MANILA, Philippines —The government must provide more financial aid to onion farmers nationwide as a confluence of unfortunate events push down prices of homegrown produce, according to a group of rural workers’ advocates.
In a statement on Wednesday, the Federation of Free Farmers (FFF) lamented the decline of farm-gate prices in the major onion-producing provinces of Pangasinan, Nueva Ecija and Mindoro Occidental.

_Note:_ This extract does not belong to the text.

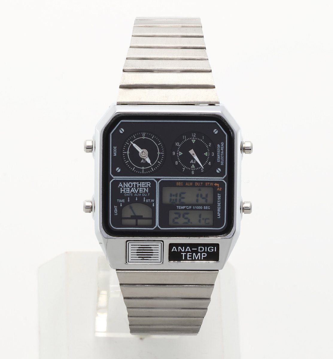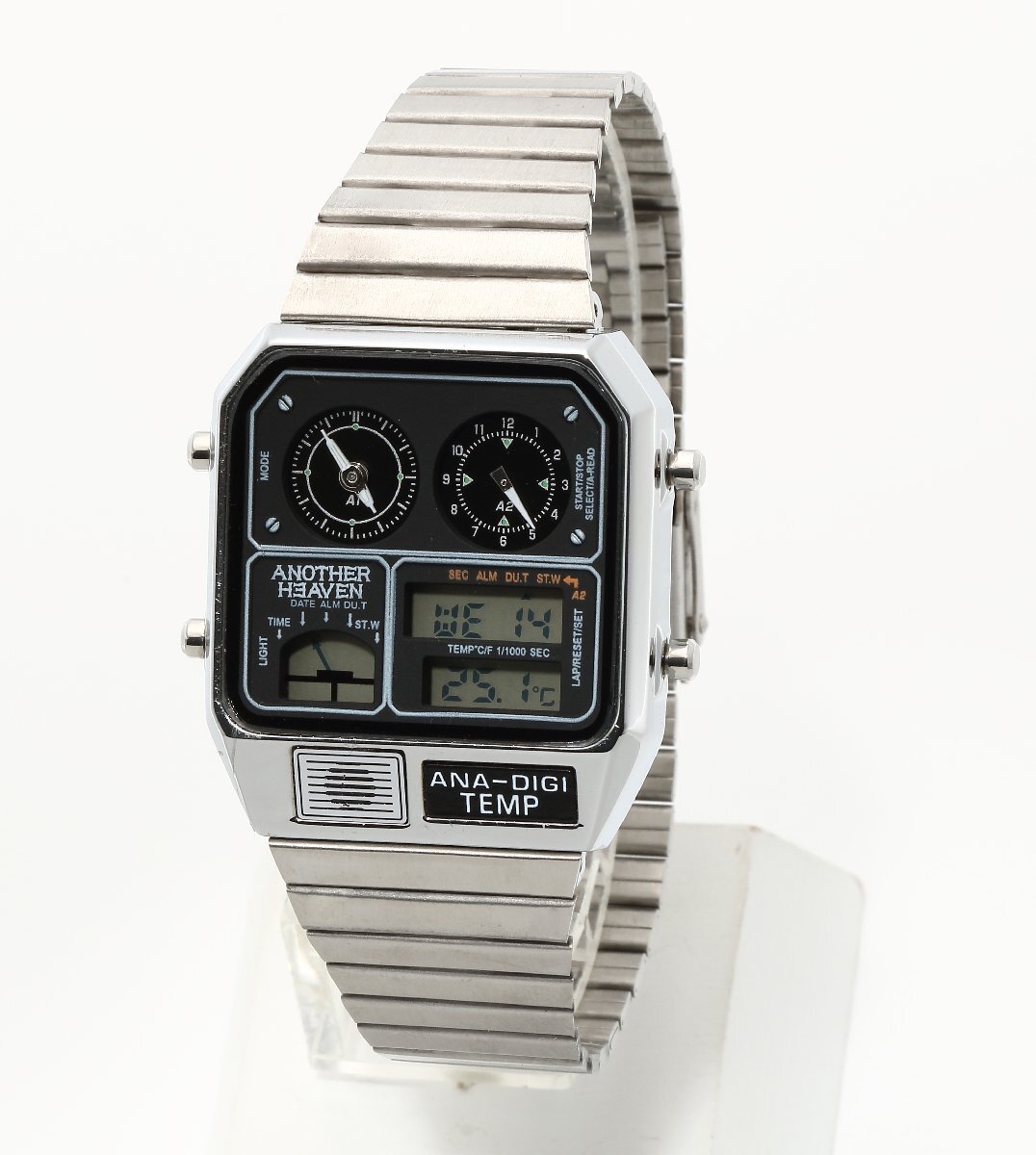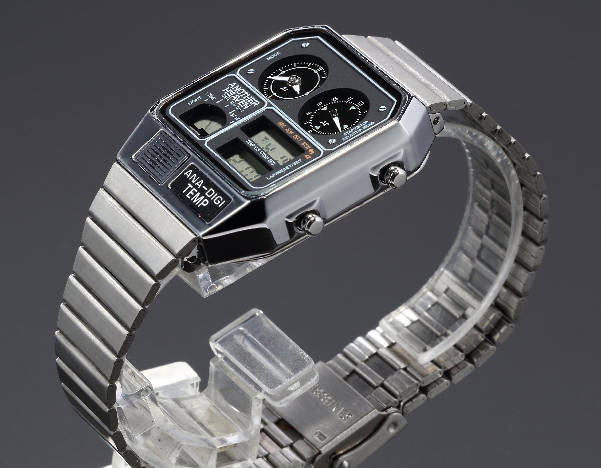 | 1980年代に登場し、当時大ヒットモデルとなったアナデジテンプ。アナログとデジタルを組み合わせたメカニックなデザインだけでなくクロノグラフやアラーム、 温度計、カレンダーなど機能性も抜群。当時、時刻を表示するだけでなく、温度を測るセンサー機能を時計に盛り込み「ニューサイエンス」 の分野を切り拓いたといわれた話題のモデルの再登場。レトロフィューチャー好きにはたまらない時計です。 ↓下記日本語説明書になりますのでご利用下さい。 日本語説明書 ブランド:Another Heaven 素材:ケースステンレススチール 素材:ベルトステンレススチール(スライド式) 風防クリスタルガラス サイズ(縦×横×厚)約35.5×31.5×8mm かん幅約18mm ベルト腕周り約13.5-20cm 重さ約53g 仕様日常生活用防水 精度:平均月差±15秒 クロノグラフ(1/1000秒・12時間計) 日付・曜日表示 日付早修正機能 12/24時間表示切替機能 デュアルタイム機能 カレンダー月末無修正機能 電池寿命切れ予告機能 温度計 アラーム 時報 ライト ※環境問題への取り組みの一環として、取扱説明書は電子化となりました。 |

FFF national president Leonardo Montemayor appealed to state-owned agricultural insurer Philippine Crop Insurance Corp. (PCIC) “to be more proactive in extending crop insurance to onion farmers.”
Late arrival of imports
The group said the farm-gate price—or the selling price between farmers and traders hugely influenced by the latter—of onions have gone down to a low P10 to P50 per kilogram in Bayambang town in Pangasinan this month from about P300 to P400 per kg in January last year.
READ: DA suspends onion importation, says supply enough to meet demand
Back then, skyrocketing prices of the bulbs have been significant enough to influence inflation, or the overall increase in prices of goods and services that the average Filipino household buys.
The FFF attributed the nosedive in farm-gate prices to the late arrival of imports procured in December last year, compounded by widespread worm infestations and reduced irrigation arising from depleted water sources.
Traders are claiming that recent onion importation are causing them to buy local varieties from farmers at low prices,” FFF municipal chapter president Rodolfo Camacho said.
Army worms outbreak
“The outbreak of army worms called harabas, coupled with reduced groundwater levels caused by El Niño, are also affecting the size, quality and output of onions,” Camacho said.
READ: Lives destroyed as armyworms invade Philippine ‘onion capital’
Montemayor said that both the national and local governments should have anticipated the current glut in onion supply and readied measures to assist farmers in selling and/or storing their produce.
“Moreover, army worm outbreaks and the El Nino phenomenon are not new issues,” Montemayor, a former agriculture secretary, added.
The Department of Agriculture (DA) already halted the entry of onion imports until May “to prevent further depressing onion prices due to supply glut” and hinted the suspension could be extended to July.
As of writing, local red onion is sold from P100 to P190 per kg as of Wednesday, lower than P200 to P350 per kg a year ago, according to the DA’s price monitoring. Imported red onion retailed from P80 to P160 per kg.